* Activity *
Your answer must be an exact transcription of the data, with every picture omitted.

━━━━━━━━━━

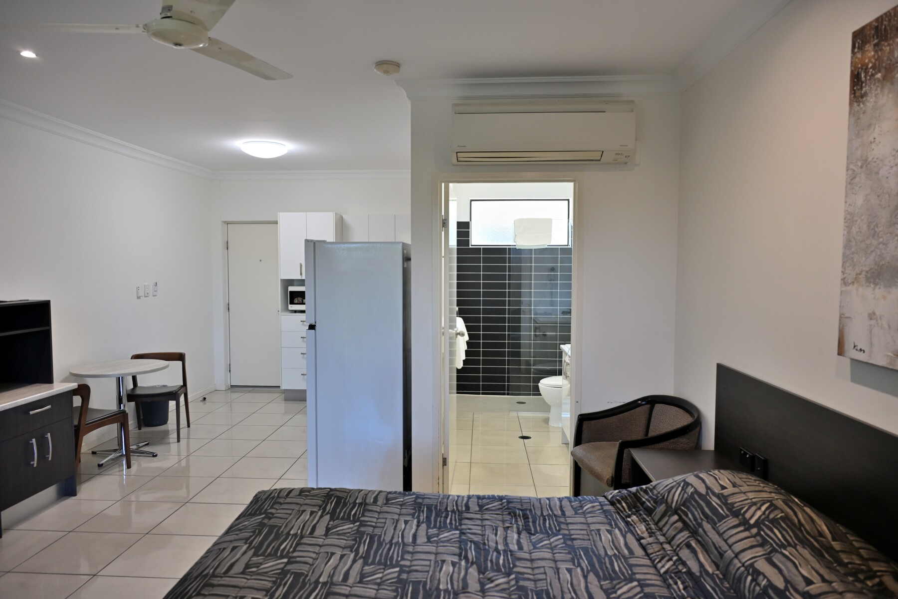 Located in the apartment complex across the road from the motel. A very comfortable nights stay in our newer executive rooms with our new King plush beds, a fully stocked kitchen and a 55inch smart tv. Private balcony to each room.
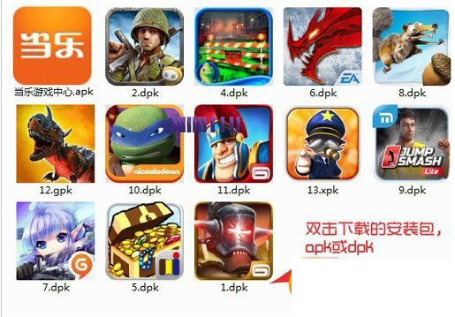 第二步、当乐游戏中心安装完成且关联了文件之后,连接手机,双击下载的apk和dpk就可以直接安装了。
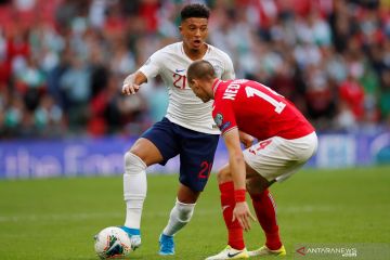 Peserpak bola Inggris Jadon Sancho (kiri) berupaya melewati penjagaan lawannya pesepak bola Bulgaria Anton Nedyalkov dalam laga kualifikasi Piala Eropa 2020, di Stadion Wembley, London, Inggris, Sabtu (7/9/2019). Inggris membungkam Bulgaria 4-0 dan Harry Kane berhasil membuat hat-trick dalam pertandingan ini, ANTARA FOTO/Reuters-Andrew Boyers/hp.
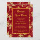Invitación a Casa Abierta de Cosecha, con acentos de follaje otoñal rojo y dorado. Con un fondo rojo oscuro y letras doradas, puedes personalizar con tu propia información. Con un menú de muestra en el reverso, puedes informar a tus invitados el menú que sirves.
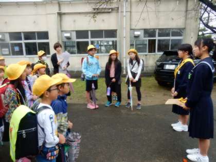 今日もあいさつ運動の日です。尾西第二中学校の生徒会が校門に立ってあいさつをしてくれました。その後は登校してきた2年生と5年生の子たちも加わりました。
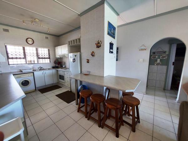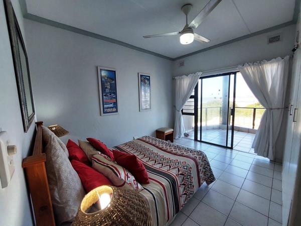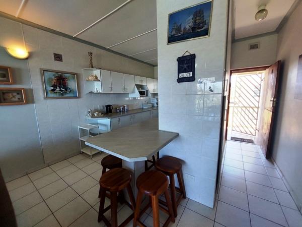 breakfast nook. It flows effortlessly into the spacious lounge, which opens onto a private balcony with a built-in braai perfect for entertaining or enjoying morning coffee with stunning ocean and breaker views.
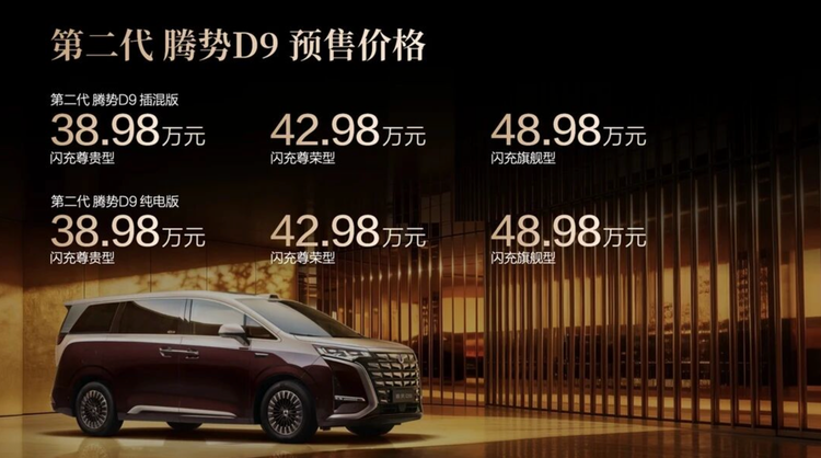不过随着越来越多竞争对手的出现,比如岚图梦想家、魏牌高山、别克GL8插混等,一定程度上抢占了其市场份额,让这位“MPV销冠”受到了冲击。时隔近4年,带着二代刀片电池+闪充技术的第二代腾势D9终于来了!能否重回销量巅峰?成为业内关注的焦点。
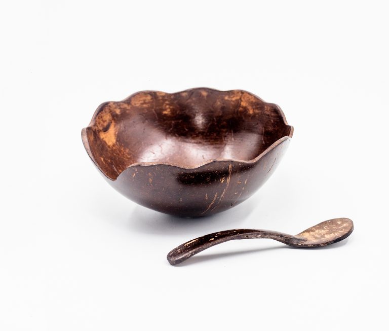 This Wave designed dessert cup is made entirely with coconut shell. The cup and spoon can be made to customized sizes and designs.
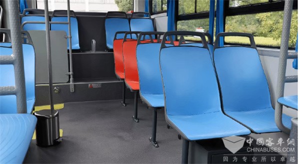 车厢内配备17座新能源车专用公交座椅,色彩明快、乘坐舒适。特别在中门对侧设置4张爱心座,优先保障特殊乘客需求,将人文关怀融入出行细节。
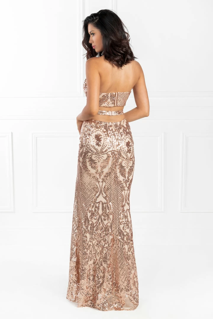Honey Couture CHINICE Gold Sequin Strapless Cut Out Waist Evening Gown Dress
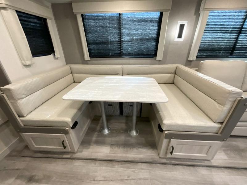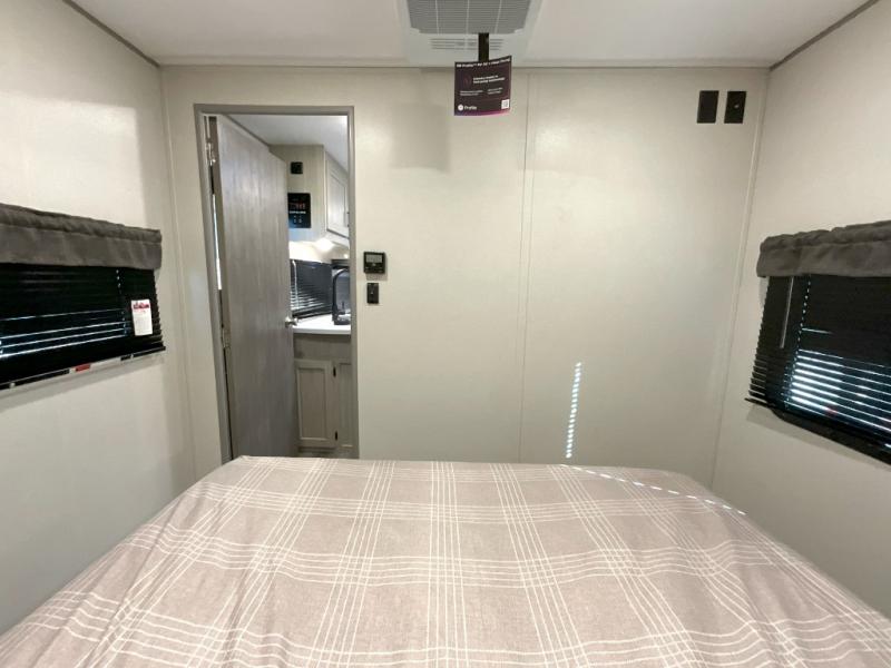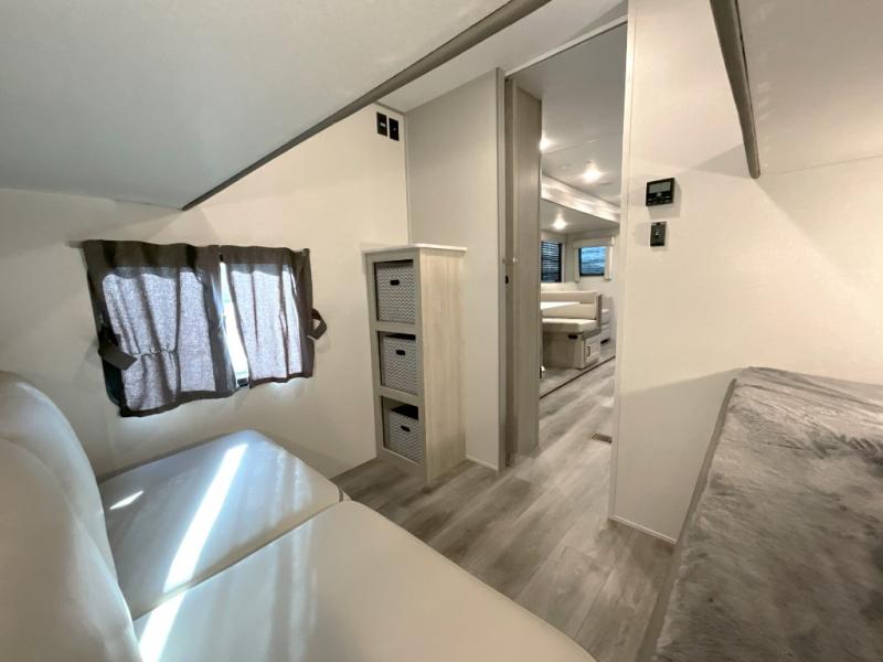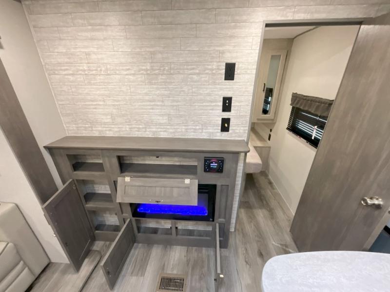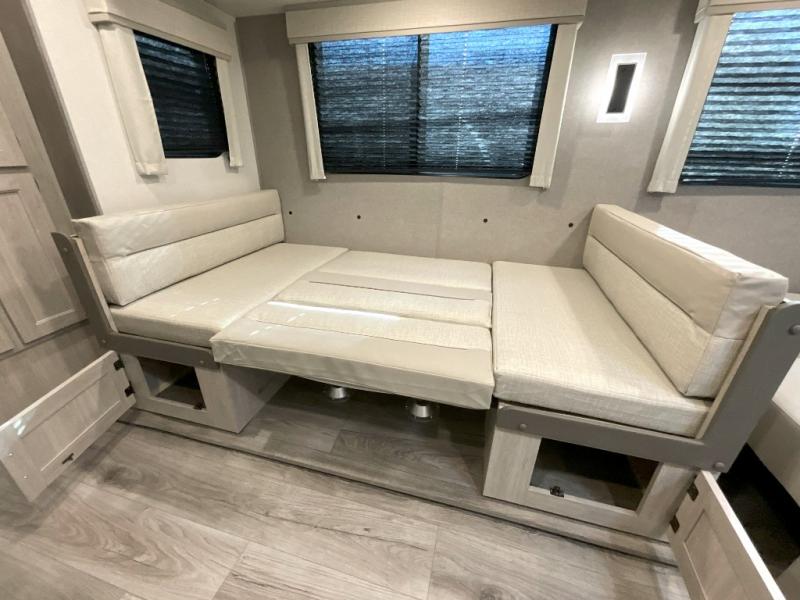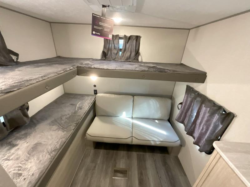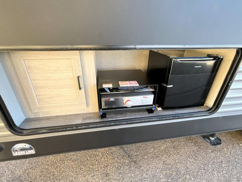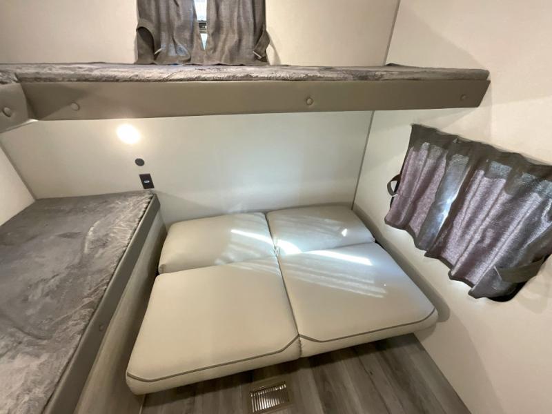 Not only will you be comfortable in this trailer, your friends will have comfort and privacy thanks to having their own bunkhouse, and you'll have a front bedroom where you can sleep like royalty! There are three bunk beds and two COA cube seats plus a location for a TV, a wardrobe, and windows for natural lighting. The combined living and kitchen is spacious thanks to the slide out U-shaped dinette and sofa with drink holders. You can even add the fireplace option if you want that feature. The cook will have full amenities to whip up meals including overhead cabinets for dishes and snacks. And the exterior camper kitchen allows the cook to visit with everyone outside under the 18' electric awning that includes multicolor LED lights with a remote.
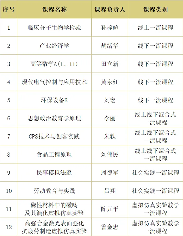 江蘇大學此次被認定的12門國家級一流本科課程
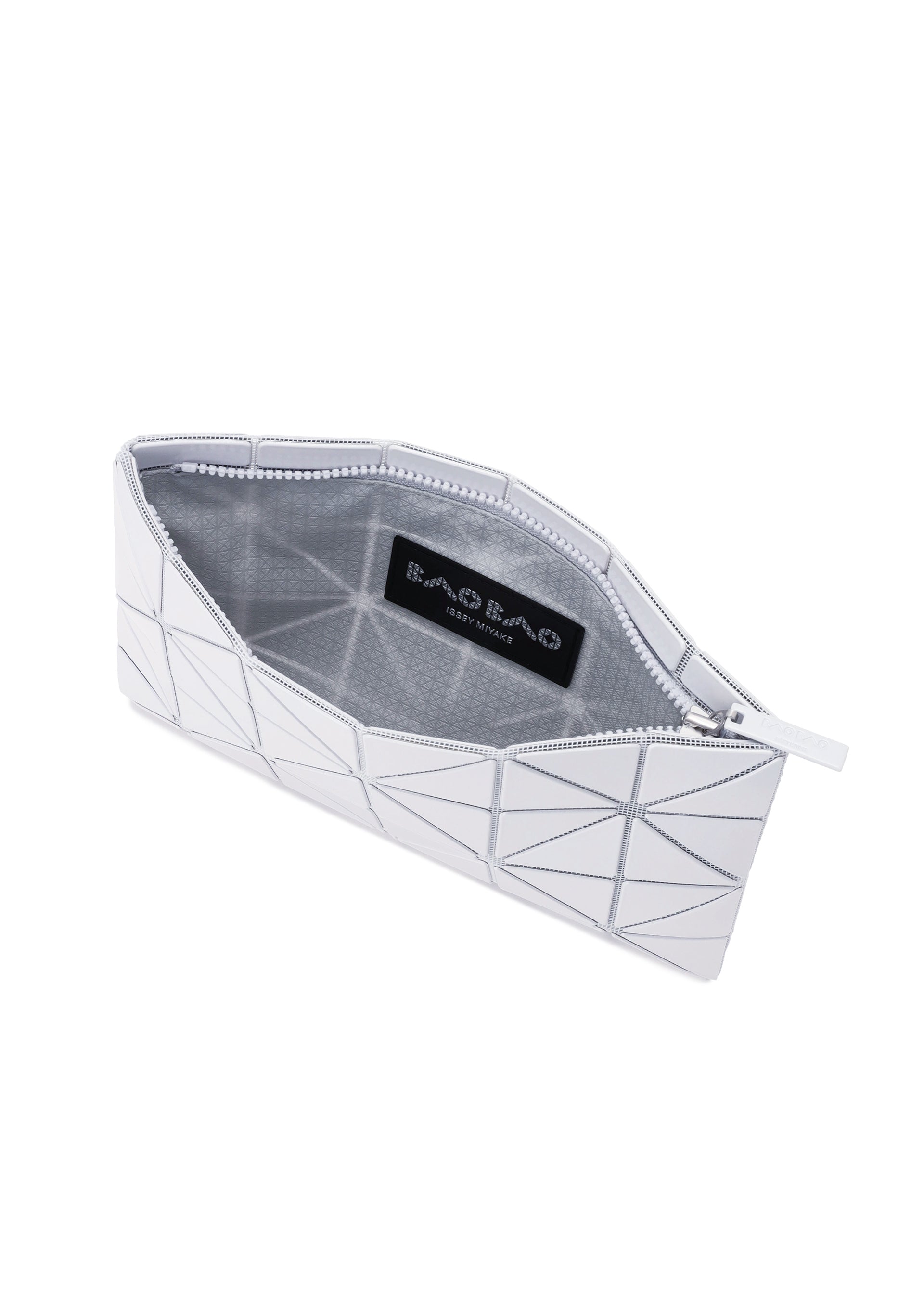 This LUCENT series pouch is made using glossy enamel material. The use of mesh fabric woven with threads in the same color as the triangular pieces, as well as the lining in the same color, gives a cohesive, stylish impression.
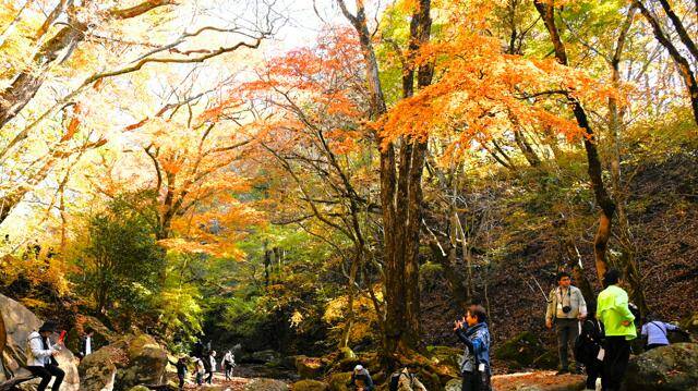 うーん、まだ少し紅葉には早かった様子。どの木の葉っぱもまだ濃い緑色です。後で地元の人に聞いたところ、見ごろは11月末頃から12月初めになるのではないかとのことでした。
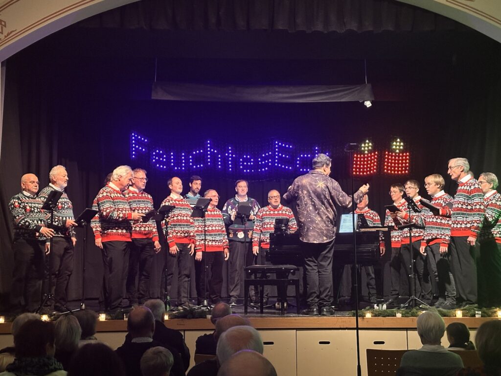 Unser dies jähriges Adventskonzert war ein großer Erfolg und erfreute sich einer sehr guten Besucherzahl. Das Feuchte Eck präsentierte ein abwechslungsreiches Programm aus traditionellen und modernen Advents- und Weihnachtsliedern, darunter Klassiker wie „Es kommt ein Schiff geladen“ und stimmungsvolle Highlights wie „Cantique de Noël“ und „That’s Christmas To Me“. Die Lieder wurden nicht nur gesungen, sondern auch auf charmante Weise angesagt und mit kurzen Einblicken in ihre Inhalte, Ursprünge oder Bedeutungen erklärt, was beim Publikum sehr gut ankam.
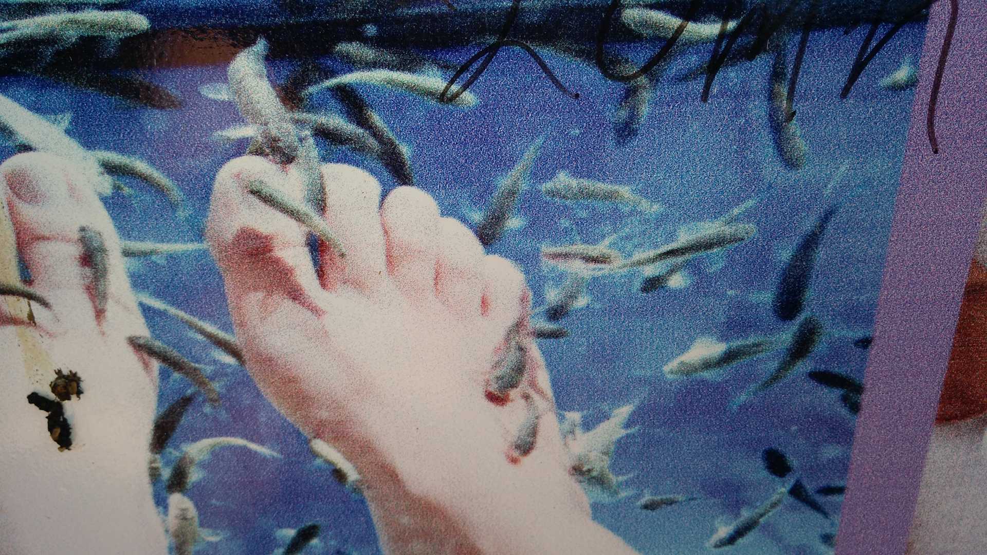 Beim Baden der Füße mit den Fischen.Super
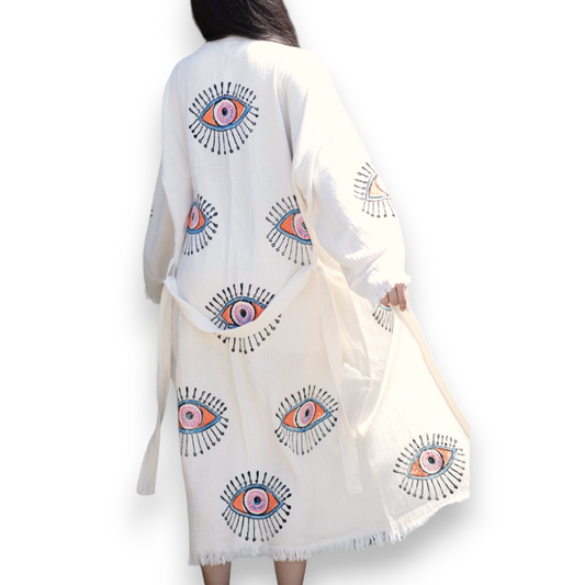 Pestemal Kimono Bathrobe Hand Print Eye Design
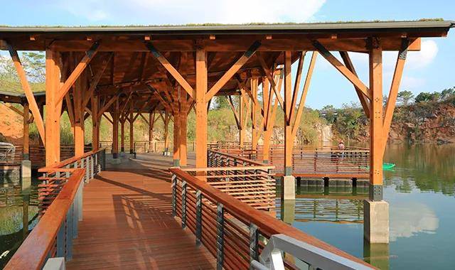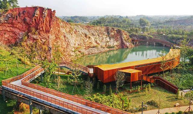 木浮橋等表現(xiàn)了精準(zhǔn)的技術(shù)水平,每一個(gè)臺(tái)階,每一片綠植,都和周邊場(chǎng)地巧妙契合,實(shí)現(xiàn)了技術(shù)和美學(xué)的統(tǒng)一。這種景深層次的營(yíng)造是對(duì)自然最大程度的尊重和考量,反映了礦坑原有的場(chǎng)所精神,使其具有中國(guó)山水畫(huà)的形態(tài)和意境,儼然一個(gè)精致的特色花園,充分體現(xiàn)了對(duì)生態(tài)與文化的保護(hù)與傳承,收獲了無(wú)數(shù)游客的“點(diǎn)贊”。
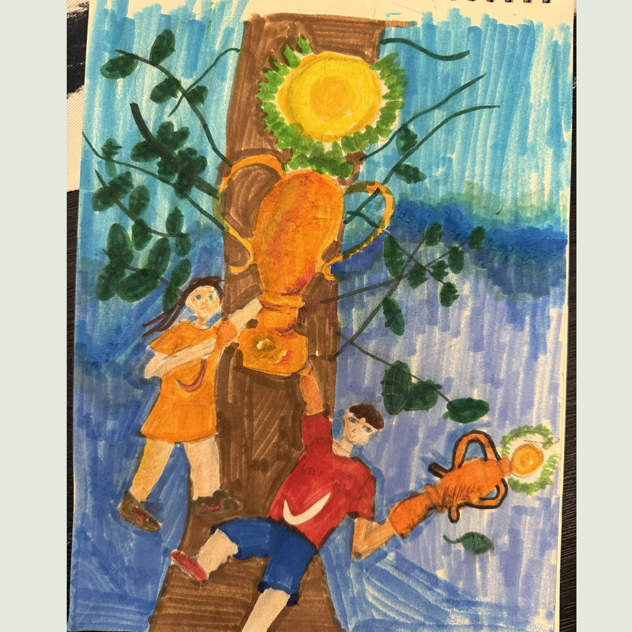 This drawing tells the story of two children climbing a tall tree to reach a shining golden trophy at the…

━━━━━━━━━━

* Task solution *
 Located in the apartment complex across the road from the motel. A very comfortable nights stay in our newer executive rooms with our new King plush beds, a fully stocked kitchen and a 55inch smart tv. Private balcony to each room.
 第二步、当乐游戏中心安装完成且关联了文件之后,连接手机,双击下载的apk和dpk就可以直接安装了。
 Peserpak bola Inggris Jadon Sancho (kiri) berupaya melewati penjagaan lawannya pesepak bola Bulgaria Anton Nedyalkov dalam laga kualifikasi Piala Eropa 2020, di Stadion Wembley, London, Inggris, Sabtu (7/9/2019). Inggris membungkam Bulgaria 4-0 dan Harry Kane berhasil membuat hat-trick dalam pertandingan ini, ANTARA FOTO/Reuters-Andrew Boyers/hp.
Invitación a Casa Abierta de Cosecha, con acentos de follaje otoñal rojo y dorado. Con un fondo rojo oscuro y letras doradas, puedes personalizar con tu propia información. Con un menú de muestra en el reverso, puedes informar a tus invitados el menú que sirves.
 今日もあいさつ運動の日です。尾西第二中学校の生徒会が校門に立ってあいさつをしてくれました。その後は登校してきた2年生と5年生の子たちも加わりました。
 breakfast nook. It flows effortlessly into the spacious lounge, which opens onto a private balcony with a built-in braai perfect for entertaining or enjoying morning coffee with stunning ocean and breaker views.
不过随着越来越多竞争对手的出现,比如岚图梦想家、魏牌高山、别克GL8插混等,一定程度上抢占了其市场份额,让这位“MPV销冠”受到了冲击。时隔近4年,带着二代刀片电池+闪充技术的第二代腾势D9终于来了!能否重回销量巅峰?成为业内关注的焦点。
 This Wave designed dessert cup is made entirely with coconut shell. The cup and spoon can be made to customized sizes and designs.
 车厢内配备17座新能源车专用公交座椅,色彩明快、乘坐舒适。特别在中门对侧设置4张爱心座,优先保障特殊乘客需求,将人文关怀融入出行细节。
Honey Couture CHINICE Gold Sequin Strapless Cut Out Waist Evening Gown Dress
 Not only will you be comfortable in this trailer, your friends will have comfort and privacy thanks to having their own bunkhouse, and you'll have a front bedroom where you can sleep like royalty! There are three bunk beds and two COA cube seats plus a location for a TV, a wardrobe, and windows for natural lighting. The combined living and kitchen is spacious thanks to the slide out U-shaped dinette and sofa with drink holders. You can even add the fireplace option if you want that feature. The cook will have full amenities to whip up meals including overhead cabinets for dishes and snacks. And the exterior camper kitchen allows the cook to visit with everyone outside under the 18' electric awning that includes multicolor LED lights with a remote.
 江蘇大學此次被認定的12門國家級一流本科課程
 This LUCENT series pouch is made using glossy enamel material. The use of mesh fabric woven with threads in the same color as the triangular pieces, as well as the lining in the same color, gives a cohesive, stylish impression.
 うーん、まだ少し紅葉には早かった様子。どの木の葉っぱもまだ濃い緑色です。後で地元の人に聞いたところ、見ごろは11月末頃から12月初めになるのではないかとのことでした。
 Unser dies jähriges Adventskonzert war ein großer Erfolg und erfreute sich einer sehr guten Besucherzahl. Das Feuchte Eck präsentierte ein abwechslungsreiches Programm aus traditionellen und modernen Advents- und Weihnachtsliedern, darunter Klassiker wie „Es kommt ein Schiff geladen“ und stimmungsvolle Highlights wie „Cantique de Noël“ und „That’s Christmas To Me“. Die Lieder wurden nicht nur gesungen, sondern auch auf charmante Weise angesagt und mit kurzen Einblicken in ihre Inhalte, Ursprünge oder Bedeutungen erklärt, was beim Publikum sehr gut ankam.
 Beim Baden der Füße mit den Fischen.Super
 Pestemal Kimono Bathrobe Hand Print Eye Design
 木浮橋等表現(xiàn)了精準(zhǔn)的技術(shù)水平,每一個(gè)臺(tái)階,每一片綠植,都和周邊場(chǎng)地巧妙契合,實(shí)現(xiàn)了技術(shù)和美學(xué)的統(tǒng)一。這種景深層次的營(yíng)造是對(duì)自然最大程度的尊重和考量,反映了礦坑原有的場(chǎng)所精神,使其具有中國(guó)山水畫(huà)的形態(tài)和意境,儼然一個(gè)精致的特色花園,充分體現(xiàn)了對(duì)生態(tài)與文化的保護(hù)與傳承,收獲了無(wú)數(shù)游客的“點(diǎn)贊”。
 This drawing tells the story of two children climbing a tall tree to reach a shining golden trophy at the…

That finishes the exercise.